= Veterans Agency =

Former executive agency in the UK

Logo of Veterans Agency

The Veterans Agency was an Executive Agency of the UK government's Ministry of Defence (MoD). It was amalgamated into the Service Personnel and Veterans Agency (SPVA) on 2 April 2007 under the brand Veterans-UK.

==History==
It was formerly known as the "War Pensions Agency" and was part of the Department of Social Security. When, in 2001, the latter was reorganised into the Department for Work and Pensions, the War Pensions Agency became an Executive Agency of the Ministry of Defence and, in 2003, changed its name to the Veterans Agency.

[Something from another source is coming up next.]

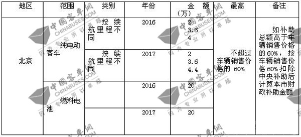 北京市规定纯电动小客车2016年按续驶里程不同分别补贴2.5万、4.5万和5.5万;2017年按续驶里程不同分别 补贴2万、3.6万和4.4万。燃料电池小客车2016和2017年各补贴20万元。汽车生产企业申请中央和本市财政补助总额最高不超过车辆销售价格的 60%。如补助总额高于车辆销售价格的60%,按车辆销售价格60%扣除中央补助后计算本市财政补助金额。在中央补助基础上,北京市纯电动客车补助按中央标准1:1确定,2017年补助标准在2016年基础上下降20%。
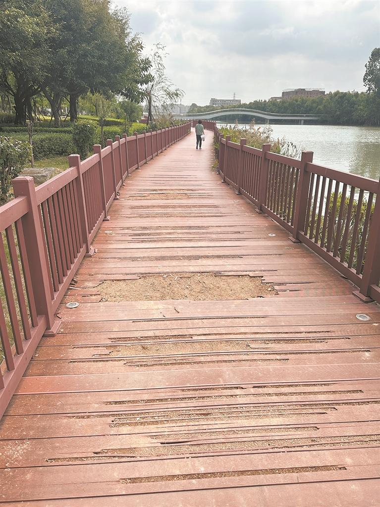 记者走访了陈先生所说的滨河公园。从公园北门进入园区,沿着木栈道往前走,每走几米,就能看到有木栈道破损或者缺失,有的是两块木板之间有一条或狭长或粗短的缝隙,有的则是两三块木板缺失,沙石裸露。走在木栈道上,有时候会被这些缝隙绊倒。如果市民夜晚来到此处,由于灯光比较暗,比较不容易看清这些破损的地方,更容易被绊倒。

It was the single point of contact within the MoD for providing information, help and advice on issues of concern to veterans and their families. It did this through its free Helpline, welfare service and website.

The term 'veteran' is used to mean all those who have served in HM Armed Forces (whether Regular or Reserve). This group has been commonly known as ex-Service personnel. The term veteran also includes their widows/widowers and their dependants as part of the veterans' community. As well as all members of the Armed Forces the term veteran also, exceptionally, includes those members of the Merchant Navy who played a vital role in legally defined military operations. The veterans' community is therefore a wide and disparate population, estimated to be over 10 million people in the United Kingdom.

The Agency provided advice on a wide range of subjects including benefits and welfare issues, pensions and compensation, Service records and medals etc.

==The Veterans Agency Vision==
Service excellence for veterans and Serving personnel.

==Core functions==
To administer the War Pensions Scheme which provides financial support to approximately 250,000 war pensioners and war widow(er)s living in over 100 countries throughout the world, although most are resident in the UK.

The Agency also administered the Armed Forces Compensation Scheme. This was mainly applicable to Serving personnel.

In addition, the Agency managed the War Pensioners' Welfare Service (WPWS) which in turn manages Ilford Park Polish Home (IPPH).

The War Pensioners’ Welfare Service gives support to existing War Pensioners, war widow(er)s and veterans who are in the process of making a claim for a war disablement pension. WPWS will arrange home visits as required to discuss any particular issues that may be affecting individuals. Welfare managers often liaise with colleagues in other Government departments or ex-Service organisations to ensure the best help and advice is supplied where needed.

Ilford Park Polish Home provides residential and nursing care to people who qualify for admission under the 1947 Polish Resettlement Act.

The Agency contributed to a greater awareness of veterans and their concerns, undertaking a programme of PR activity.

==Also==
The Agency also:
- co-ordinated, managed and delivered services to the veterans community as directed by United Kingdom Government;
- administered the ex-gratia payment scheme for former prisoners of the Japanese in World War II in accordance with Government policy; and
- contributed to advice given to the Department and Ministers on war pensions policy matters.

==Additional functions==
In addition to the above core functions, the Agency:
- provided administrative support to the Central Advisory Committee (CAC) on war pensions and War Pensions Committees (WPC);
- administered the nomination of Government appointees to certain charitable bodies
- co-ordinated nominations for non-State honours from ex-Service organisations representing war pensioners, war widow(er)s and WPC's; and
- contributed to the management of Leopardstown Park Hospital, Dublin.